Non-voting and voting shares were allocated in approximately the same ratio as Petrobras’ existing share structure, with the underlying shares still traded on Bovespa, while the company’s American DRs (ADRs) are traded on the NYSE. The voting shares represent around 58 percent of the total capital but, according to Brazilian law, the government must retain control, and it must do so with a majority of the voting shares.
‘There were a lot of people who knew us well, who had been waiting for this moment to establish a core position in our name,’ Helms observes. ‘In a sense, we were already very liquid and investors could always adjust to whatever position they wanted, without having to participate in the offering itself.’
Supply and demand
Despite that, demand to participate in the issue far outstripped supply. ‘There are some issues surrounding the market and priority,’ Helms concedes. ‘We had the complication that the total offer was split into two parts: a priority offer and a market offer, and the priority offer comprised 80 percent.’
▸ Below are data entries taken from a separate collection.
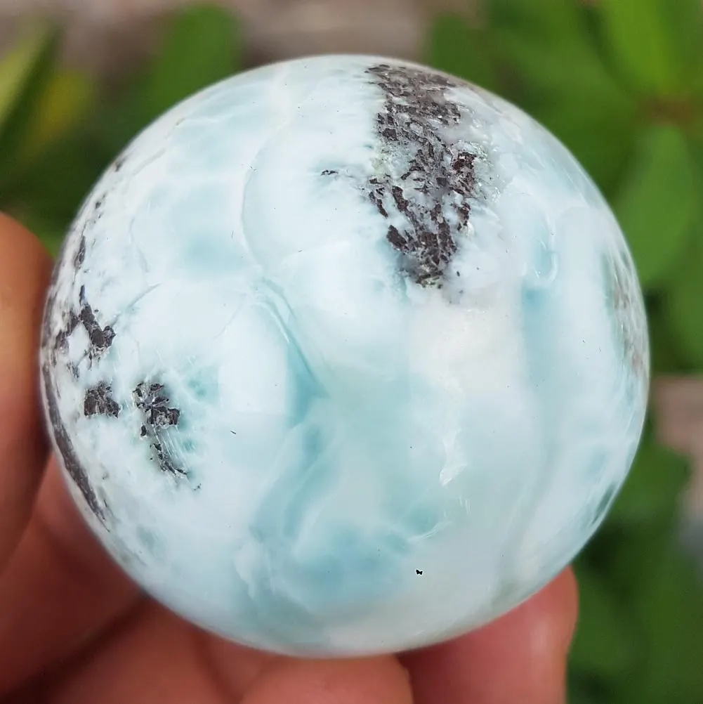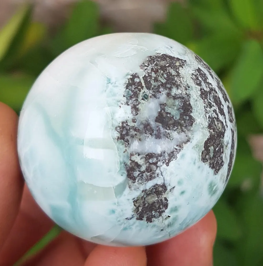 - NATURAL handcarved Larimar Gemstone Pectolite Sphere 147 grams (come-4)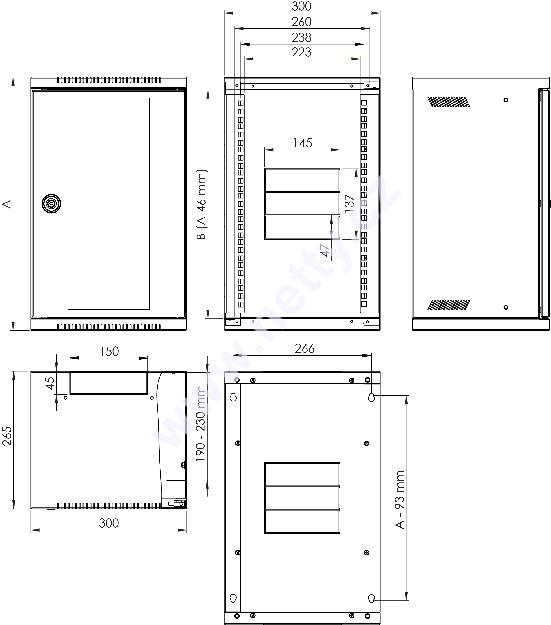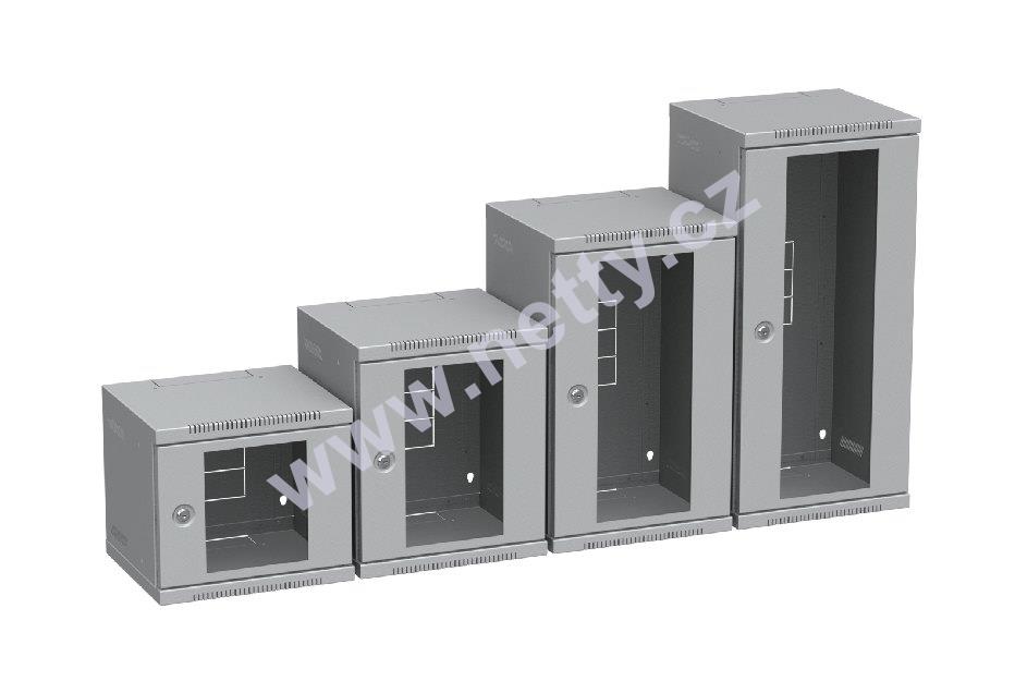 10" nástěnné rozvaděče jsou určeny pro instalaci prvků strukturované kabeláže malého rozsahu. Do standardní výbavy tohoto typu rozvaděče patří přední 10“ vertikální lišty, skleněné dveře se zámkem, perforovaný skelet pro lepší odvětrávání a kabelové prostupy ve spodní, horní i zadní části. Rozvaděč je symetrický a jednoduchým otočením lze dosáhnout pravého, nebo levého otevírání dveří. Barevné provedení rozvaděče je šedá RAL 7035.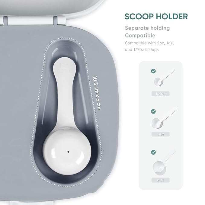 - FORMULA DISPENSING SCOOPS - Our designer specially sized this dispensing scoop 2 ounces, easily make 2oz of milk, this scoop is the same size as most major baby formula brands. The handles easy to grip, it helps you make the baby milk quickly and easily. and our container has a separator layer design to hold the scoop separately. If you have a special sized scoop, don't be worried, we designed this holding area loose enough to compatible with most other different sized scoops.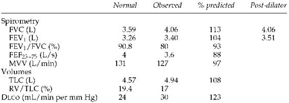 1. The test results are consistent with severe airway obstruction with hyperinflation, yet dyspnea was not a major complaint. The chest radiograph and the low diffusing capacity suggest the presence of emphysema.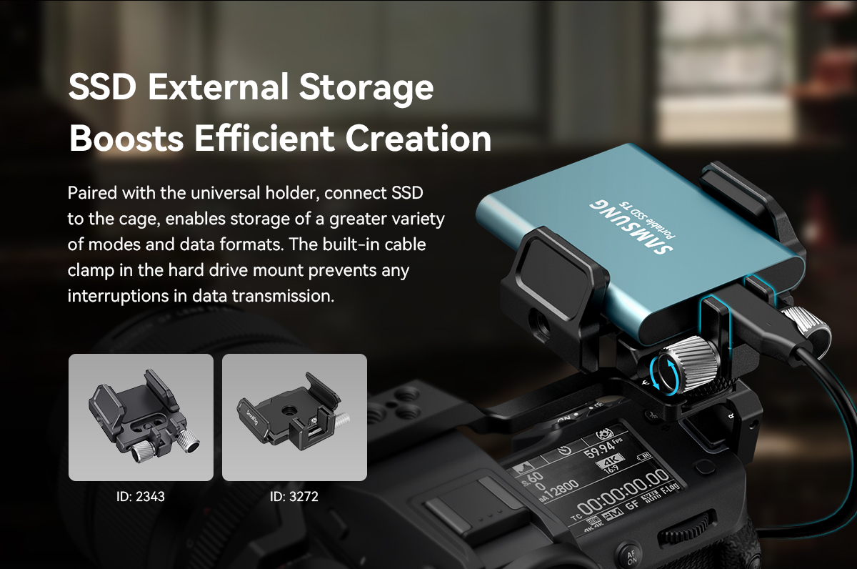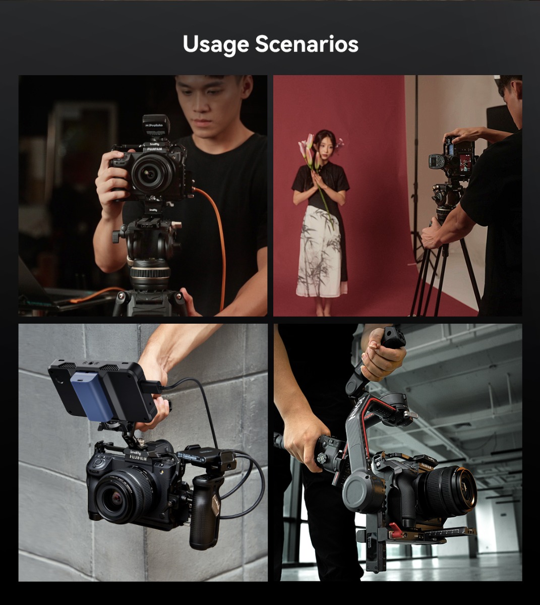 SmallRig Cage Kit for FUJIFILM GFX100 II 4201 is designed to protect the camera and attach accessories. The kit includes a cage and a HDMI & USB-C cable clamp. The cage, which locks FUJIFILM GFX100 II via one 1/4"-20 screw on the bottom and one side lock adapter on both sides, features rubber pads to prevent scratches. It leaves room for EVF, FAN-001 cooling fan and gives full access to buttons, card slots, flip screen and battery door. Among its mounting points, 1/4"-20 threaded hole, ARRI 3/8"-16 locating hole, NATO rail, cold shoe and 1/4"-20 locating hole support Side Handle 2093C / 4016 / 3847, Top Handle 3765, Monitor Mount 2903 / 2904, mini V Mount Battery Plate 2987, Single Rod Clamp 3598, Magic Arm 3873, Microphone 3468, LED Video Light 4055, etc. Also, there are strap holes for Hand Strap 3848 and Shoulder Strap 3485, QD mounts for Shoulder Strap 4118 and a bottom Arca Swiss quick-release plate for Arca-type tripods or DJI RS 2 / RSC 2 / RS 3 / RS 3 Pro gimbals for quick switch between gimbal, handheld and tripod modes. And the HDMI & USB-C cable clamp, secured via a thumb screw, helps ensure stable signal transmission.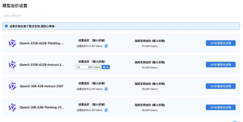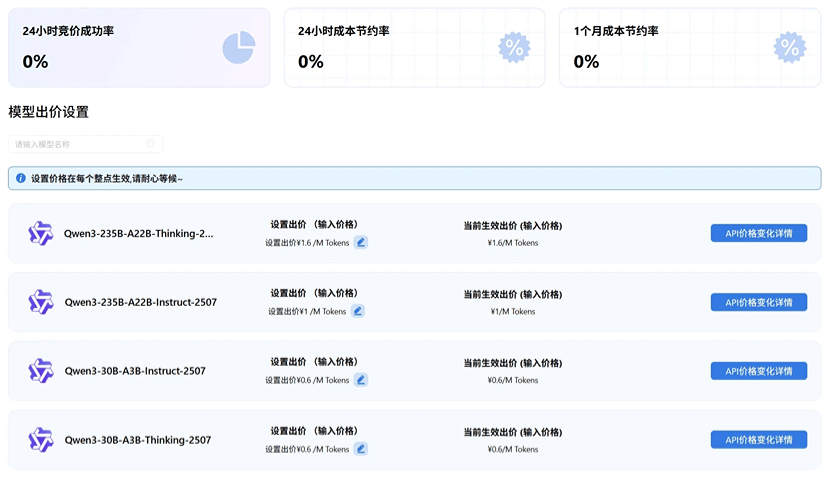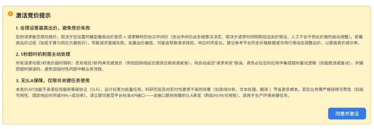 - 小贴士:首次使用建议设置略高于市场均价的出价(约10-15%),确保服务稳定性,随后可根据使用体验逐步优化!高用量但是低实时性需求可以错峰到价格低谷进行调度。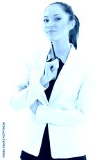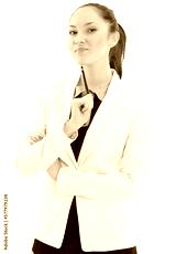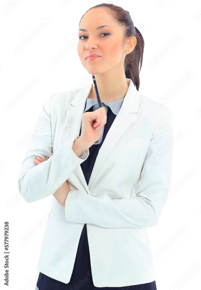 Portrait of a pretty young woman standing with folded hands on white background

Similar to a rights issue, the priority offer was available to existing shareholders of the underlying shares, with the exception of the ADR holders, who could not take part due to US securities regulations. ‘Consequently, we allowed for a market offer, where existing ADR holders and others could place orders in the book,’ Helms explains.
‘We expected there to be leftover shares from the priority offer. Instead, what happened was that the demand in the priority offering (the largely Brazilian component) exceeded our expectations. The government was not even able to subscribe up to the value of the barrels in the priority, so there was demand going into the book, rather than supply.’
How this demand will translate into long-term share price performance remains to be seen. After realizing its record-breaking ambition Petrobras must now sustain investor interest both in the short and longer term – especially if it is to mount a repeat capital raising in the coming years.